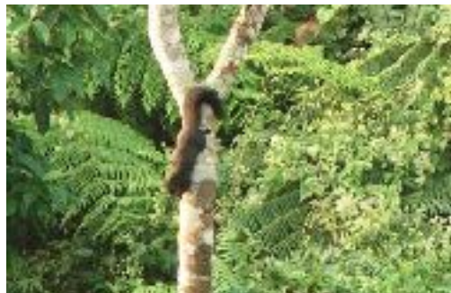
Figure 7. Orange Bellied Himalayan Squirrel Dremomys lokriah
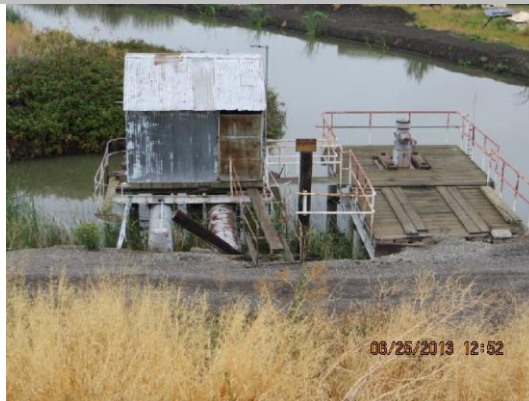
Pump in pumphouse on LS toe.
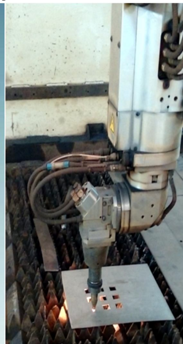
Fig 2: The CO2 laser-machining center (Trumatic L6050)

▸ **Task objective**
Repeat the listing word for word, and skip every picture it contains.

▸ **Answer**
Figure 7. Orange Bellied Himalayan Squirrel Dremomys lokriah
Pump in pumphouse on LS toe.
Fig 2: The CO2 laser-machining center (Trumatic L6050)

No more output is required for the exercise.